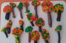 С детьми старшей группы лепили "Осеннее дерево". Умение видеть красоту осенней природы эстетическое и экологическое воспитание; продолжение знакомства с растущими на родине деревьями.
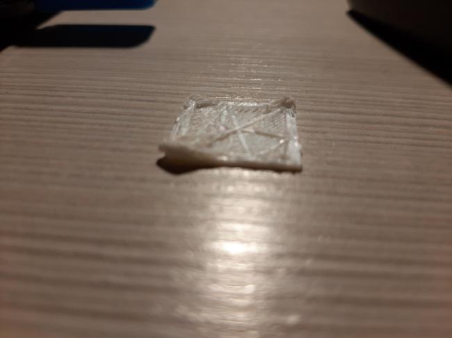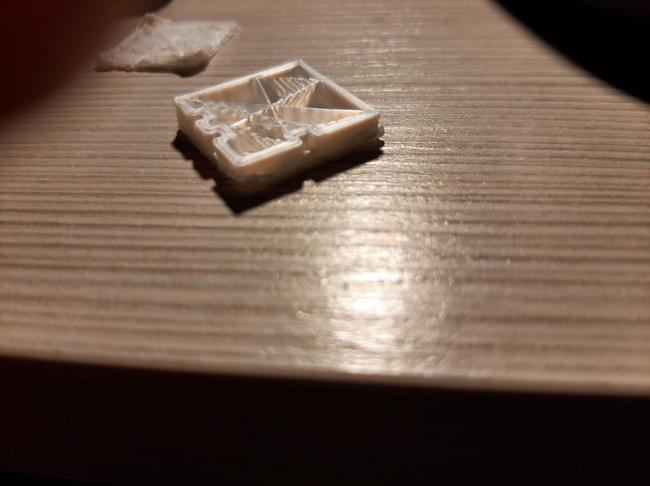 6. Ok, ho provato con queste impostazioni e questo è il risultato. Direi decisamente meglio, anche se durante la stampa ho notato che nei primi layer si accumula del materiale negli angoli, in particolare uno, ed inoltre, come si può vedere dalle foto, c'è ancora una sovraestrusione nei primi layer.
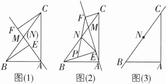 (2)如图(2),当点$N不与点M$重合时,延长$FN交BE于点P$,则$△NFE的面积S_{1}与△PFE的面积S_{2}$的关系为____,请说明理由.
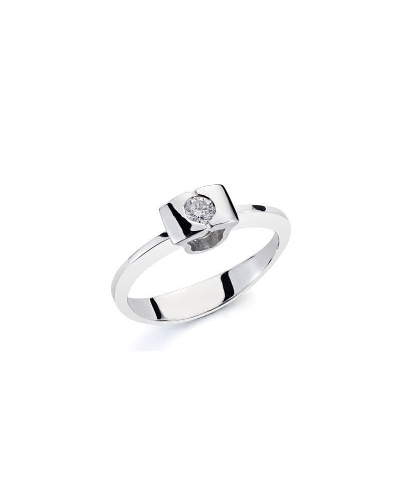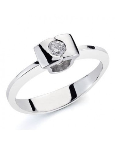Esta sofisticada sortija destaca por su diseño contemporáneo que reinterpreta el clásico solitario con un toque moderno y vanguardista. El diamante de 0,10 quilates se presenta en un engaste geométrico que crea un efecto visual único, donde la piedra parece flotar suspendida entre las formas arquitectónicas del oro blanco, maximizando su brillo y creando destellos desde todos los ángulos.
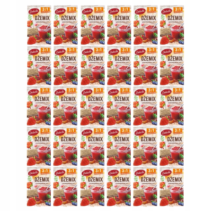 dżemix 3: 1 Delecta - це гелінг -суміш для приготування домашніх джемів і варення з 1 кг фруктів і 330 г цукру. Ідеально підходить для полуниці, малини, вишні, ягід та інших літніх фруктів. Полегшує отримання відповідної узгодженості консервів. Просто змішайте фрукти з джамікс, кип’ятіть, додайте цукор і варіть 2 хвилини. Після зняття піни передайте на банки. Простий спосіб тримати мухи ароматів довше. Завдяки Dżemix, підготовка консервів швидка, легка і завжди досягає успіху.
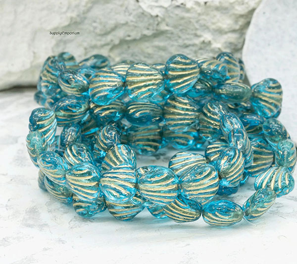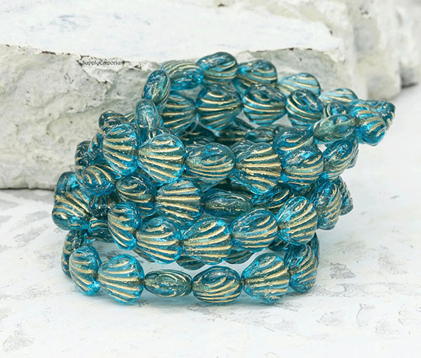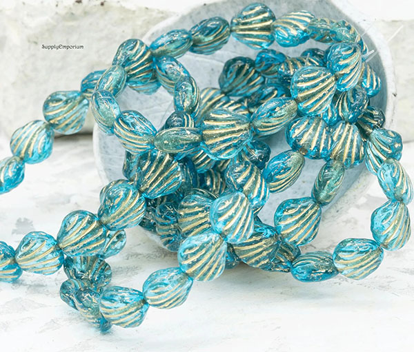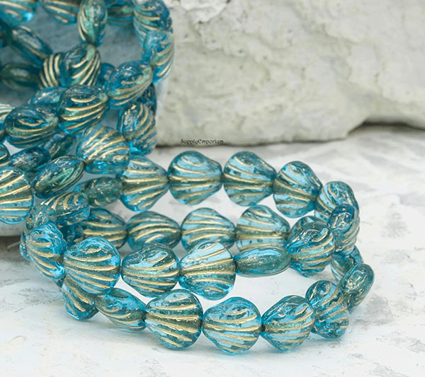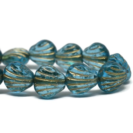 9mm Sky Blue Gold Wash Czech Carved Shell – 15 pieces – 2856R
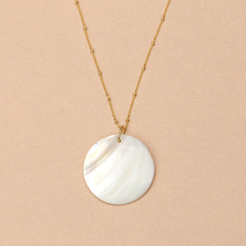 Diese elegante Halskette mit einem Scheiben-anhänger aus Perlmutt ist modern und zeitlos zugleich. Trage sie allein oder zusammen mit anderen Ketten für den angesagten Layering-Look. Der wunderschöne Schimmer des Materials verleiht jedem Exemplar eine einzigartige Optik. Ein hübscher Akzent zu minimalistischen Outfits.

### Work to complete
Without changing a word, retype every entry above, but drop its pictures.

### Task result
 С детьми старшей группы лепили "Осеннее дерево". Умение видеть красоту осенней природы эстетическое и экологическое воспитание; продолжение знакомства с растущими на родине деревьями.
 6. Ok, ho provato con queste impostazioni e questo è il risultato. Direi decisamente meglio, anche se durante la stampa ho notato che nei primi layer si accumula del materiale negli angoli, in particolare uno, ed inoltre, come si può vedere dalle foto, c'è ancora una sovraestrusione nei primi layer.
 (2)如图(2),当点$N不与点M$重合时,延长$FN交BE于点P$,则$△NFE的面积S_{1}与△PFE的面积S_{2}$的关系为____,请说明理由.
Esta sofisticada sortija destaca por su diseño contemporáneo que reinterpreta el clásico solitario con un toque moderno y vanguardista. El diamante de 0,10 quilates se presenta en un engaste geométrico que crea un efecto visual único, donde la piedra parece flotar suspendida entre las formas arquitectónicas del oro blanco, maximizando su brillo y creando destellos desde todos los ángulos.
 dżemix 3: 1 Delecta - це гелінг -суміш для приготування домашніх джемів і варення з 1 кг фруктів і 330 г цукру. Ідеально підходить для полуниці, малини, вишні, ягід та інших літніх фруктів. Полегшує отримання відповідної узгодженості консервів. Просто змішайте фрукти з джамікс, кип’ятіть, додайте цукор і варіть 2 хвилини. Після зняття піни передайте на банки. Простий спосіб тримати мухи ароматів довше. Завдяки Dżemix, підготовка консервів швидка, легка і завжди досягає успіху.
 9mm Sky Blue Gold Wash Czech Carved Shell – 15 pieces – 2856R
 Diese elegante Halskette mit einem Scheiben-anhänger aus Perlmutt ist modern und zeitlos zugleich. Trage sie allein oder zusammen mit anderen Ketten für den angesagten Layering-Look. Der wunderschöne Schimmer des Materials verleiht jedem Exemplar eine einzigartige Optik. Ein hübscher Akzent zu minimalistischen Outfits.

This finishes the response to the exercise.